According to the disclosure, the emission current density is important because it influences, impacts, and/or determines heating and cooling of the target 40. In configurations of the x-ray device 10 with cylindrical shells 20, 22, electron source 30, and target 40, the emission current density (i.e., electron current in mA/area of electron beam in cm2) increases as the ratio of the shell diameters (OD/ID) increases. Here, OD refers to the outer diameter of the vacuum space 50 and ID refers to the inner diameter of the vacuum space 50. The OD is defined by one of (i) the electron-emitting surface of the electron source 30 and (ii) the surface of the target 40 that is impacted by the electrons 70, and the ID is defined by the other of (i) the electron-emitting surface of the electron source 30 and (ii) the surface of the target 40 that is impacted by the electrons 70.

The above discussion assumes a general cylindrical geometry of two nested cylinders. When the electrons collide with the anode/target surface x-rays are emitted, with the different combinations and configurations down to the described example. The word ‘shell’ in the sentence refers to the ideal geometry of two concentric or nested cylinders that have no thickness or ‘shell’-like, thus OD=electron emitter and ID=target. Thus, the electron density is electron current (mA)/area of beam (cm{circumflex over ( )}2). It is important since heating of the target and cooling of the target are determined by the current density, mA/cm{circumflex over ( )}2. Since the area of a right-circular cylinder is circumference (pi*D) times length (L), the area is pi*OD*L (for electron emitting outer cylinder) and pi*ID*L (for anode or target inner cylinder) then the ratio of the two areas is (OD/ID).

In one example the cathode is a carbon nanotube (CNT) electron emitter, which is a field emitter (E-field at the surface produces emission of electrons). According to one example, the emitter emits at 1 mA/cm{circumflex over ( )}2. At lower E-field lower current density e.g. 10 uA/cm{circumflex over ( )}2, 100 uA/cm{circumflex over ( )}2 may be experienced. These lower values can be useful if larger surface areas are used, or less intense x-rays fulfill the needs for the device and application, whereas higher E-fields may not produce more electrons without shortening the surface lifetime or provoking arcing in the vacuum. Thus, according to the disclosure the current is selected by varying the E-field by means of adjusting the voltage that is applied across the cathode-anode gap. Further, unlike traditional imaging x-ray sources, a small focal spot may not be desired. The disclosed source is therefore suited for uses such as blood irradiators, food sterilization, and the like. Other examples may include ‘flood’ e-guns that produce broad fields of x-ray illumination. Also, down-hole oil and gas well interrogation tasks can tap the x-rays irradiated by rings of x-ray sources by appropriate positioning of detectors.

The electron source 30 is and/or includes a plurality of electron emitters. The emitters are disposed in the vacuum space 50 and are connected to and/or mounted on the first shell 20. The emitters are typically cold electron emitters to avoid additional heat generation. For example, the electron emitters are carbon nanotube emitters in some examples due to their ability to withstand high temperatures and vibrations. Additionally and/or alternatively, the electron source 30 may be and/or include one or more other kind and/or type of emitter such as a photoemission emitter, thermionic emitter, secondary emitter, and/or field emitter. Optionally, subsets and/or individual emitters of the electron source 30 can be controlled independently (e.g., via the controller 12) to enable different and/or optimal dose patterns to be achieved by utilizing/operating only select emitters during operation of the x-ray device 10.

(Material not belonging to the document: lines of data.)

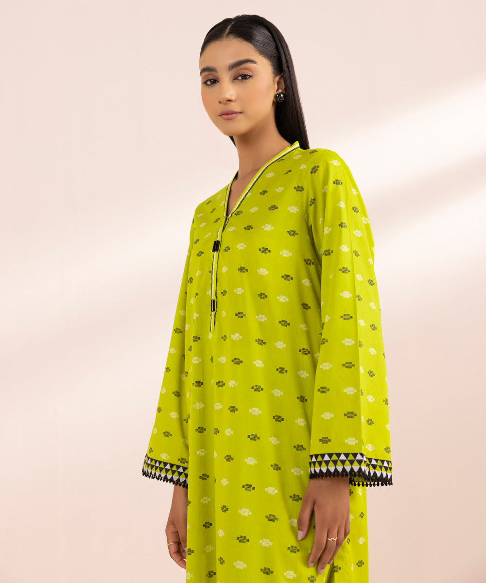 Opt for a vibrant everyday look in our lime yellow, printed lawn, long straight shirt.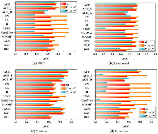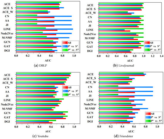 For embedding-based methods, the embedding dimension is set to 128, and other parameters are set according to the original papers. For GCN and GAT, we extend them to supervised learning using the defined score function Equation (15). For ACE, all parameters are initialized by the way described in the paper [40]. Then, we use Adam for a fast convergence [41,42] with = 0.001 and with = 0.5 [43] to learn these parameters. Two hyper-parameters and are set to and 0.5, respectively. We use a two-layer auto-encoder with the hidden and output layer sizes set to 512 and 128, respectively, and conduct the dual propagation two times with two embedding dimensions set to 512 and 128, respectively. During training the ACE model, we first pre-train the auto-encoder for 100 epochs. We randomly hide some existent edges as positive examples and randomly select nonexistent edges as negative examples. A total of 10% of each example is used as the validation example. The maximum epoch is set to 1000. All experiments are run 10 times, and the average results are reported. To show the efficacy of predicting strong links and weak links, we consider the following four different examples: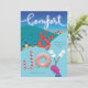 Comfort and Joy is expressed in this holiday card through fun illustrations of a candy cane, donut and marshmallows on a twig for s'mores. These treats spell out the word "Joy". There is also a cozy mood to this design with its comfort food, red scarf and homes on snowy hills. Share your warm and cozy holiday with friends and family when you add your own greeting and name to this Hygge style card.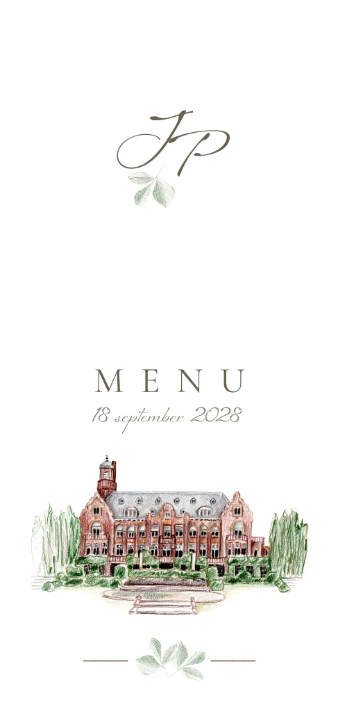 Menukaart staand Getekende Trouwlocatie Kasteel de Hooge Vuursche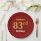 Red, Faux Gold 83rd Birthday + Custom Name Paper Plate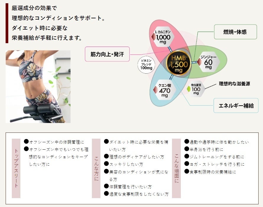 国産HMB・L-カルニチン・ジンジャー+冬虫夏草配合で燃焼サポート・ボディメイクをサポート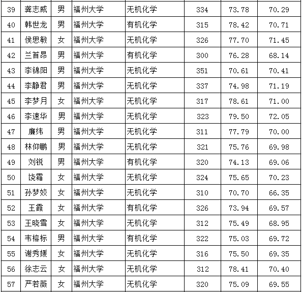 根据我所与高校联合培养研究生协议及复试规程的相关规定,经中科院福建物质结构研究所研究生招生工作领导小组审议,2017年与高校联合培养硕士生拟录取名单如下: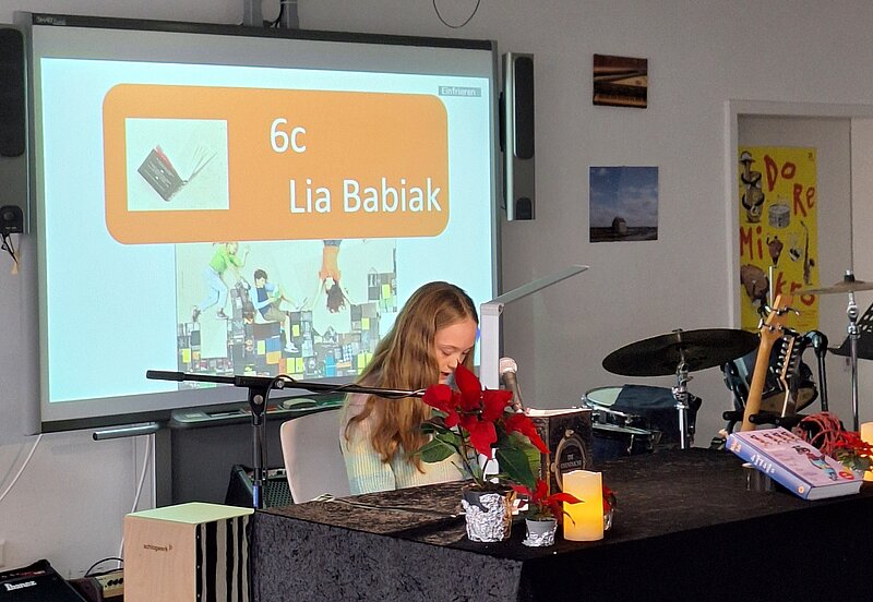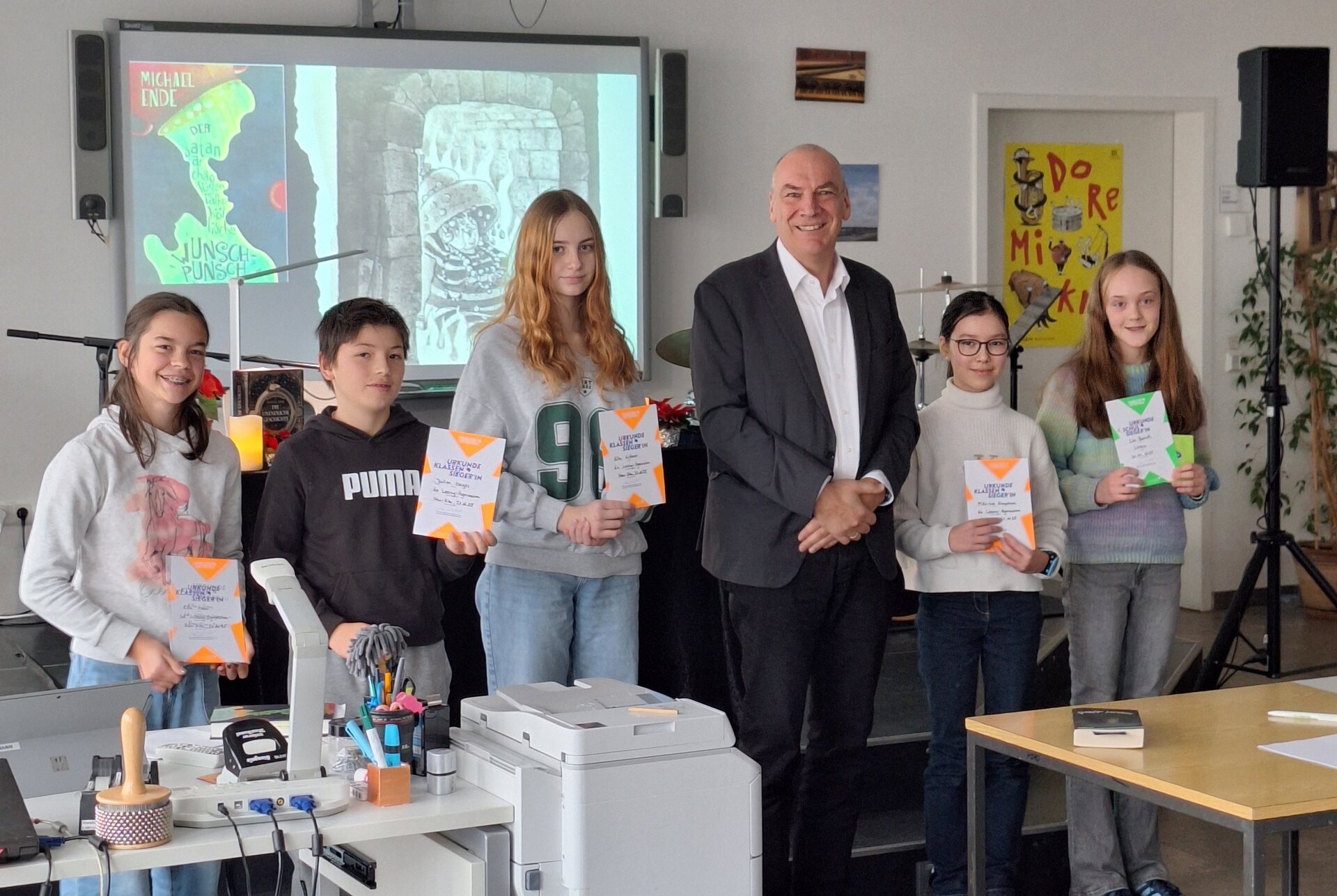 Zweite Schulsiegerin wurde Miên-Lia Knuplesch (6b), die mit einer nuancenreichen Interpretation glänzte. Auch die Siegerinnen und Sieger der anderen Klassen - Julian Geiger (6e), Ella Heen (6d) und Ella Krämer (6a) - beeindruckten mit großem Lesetalent und Freude am Vorlesen.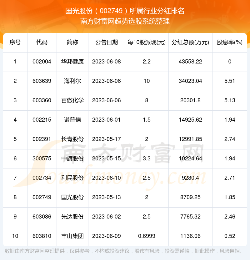 按照南方财富网趋势选股系统统计,国光股份所属行业为农药兽药行业,农药兽药行业分红排名情况如下表: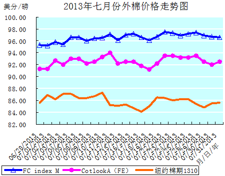 7月份全月統(tǒng)計(jì):紐約棉期1310合約累計(jì)微幅上漲0.02美分/磅,漲幅0.02%,月末運(yùn)行在85.63美分/磅的價(jià)位上,仍在80美分/磅的整數(shù)價(jià)位之上運(yùn)行。國(guó)際棉花價(jià)格指數(shù)CotlookA(FE)累計(jì)小幅上漲1.20美分/磅,漲幅1.31%,月末運(yùn)行在92.50美分/磅的價(jià)位上。中國(guó)進(jìn)口棉價(jià)格指數(shù)FCIndexM累計(jì)小幅上漲1.32美分/磅,漲幅1.38%,月末運(yùn)行在96.63美分/磅的價(jià)位上。7月末,中國(guó)進(jìn)口棉價(jià)格指數(shù)FCIndexM仍分別高于近期ICE期棉1310合約和國(guó)際棉花價(jià)格指數(shù)CotlookA(FE)11.00美分/磅、4.13美分/磅。(參見:表一和2013年7月份外棉價(jià)格走勢(shì)圖)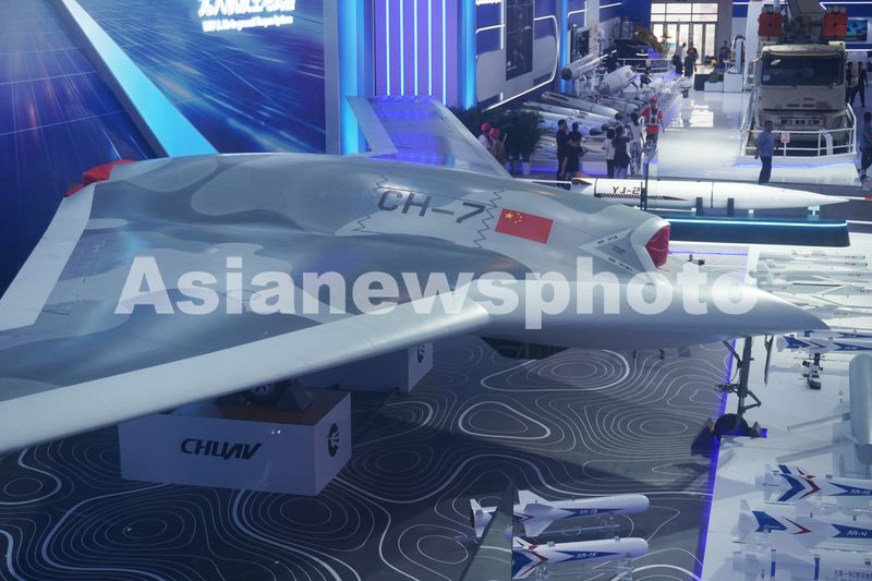 图片说明:2024年11月10日,在珠海航展中心拍摄到的彩虹-7隐身无人机。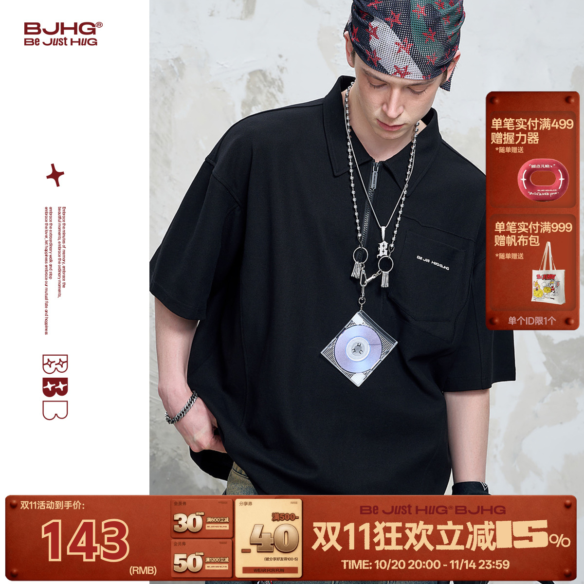 BJHG不计后果 重磅珠地POLO衫男款短袖t恤夏季复古宽松简约半袖女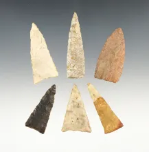 Set of 6 nice Midwest Triangle points. The largest is1 15/16". |
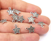 10 Star charms Antique silver plated charms (14x12mm) G25425

In one example, carbon nanotube (CNT) emitters may be referred to as ‘cold’ electron emitters. This class of electron emitter does not include elevated temperature at the surface as does tungsten wire coils or dispenser cathodes (thermionic emitters). Another example of room-temperature or ‘cold’ emitters are the photoemission emitters. Thus, assuming a cold emitter technology does not typically include any additional modification. The emission density referred to above, 100 uA/cm{circumflex over ( )}2 to 1 mA/cm{circumflex over ( )}2 are typical of the cold emission devices like CNTs. Thus, there is not ‘current’ applied to the emitter analogous to a filament for heating, and the current comes from the voltage source or power supply 14 controlled by 12 as set forth in the figures.

As generally illustrated in FIGS. 1-6, the target 40 (i.e., the anode) is configured to emit x-rays 72 when subjected to (e.g., contacted, impacted impinged on, and/or bombarded by) electrons 70. The target 40 generally emits x-rays 72 in all directions (e.g., radially inward and radially outward) when subjected to electrons 70. The electron 70 and/or electron beam power produces emission of x-rays 72 at roughly 1% efficiency, however, and much of the electron 70 and/or electron beam power is lost as heat. The production of x-rays 72 by the target 40 is nearly isotropic at the energy levels utilized by the x-ray device 10.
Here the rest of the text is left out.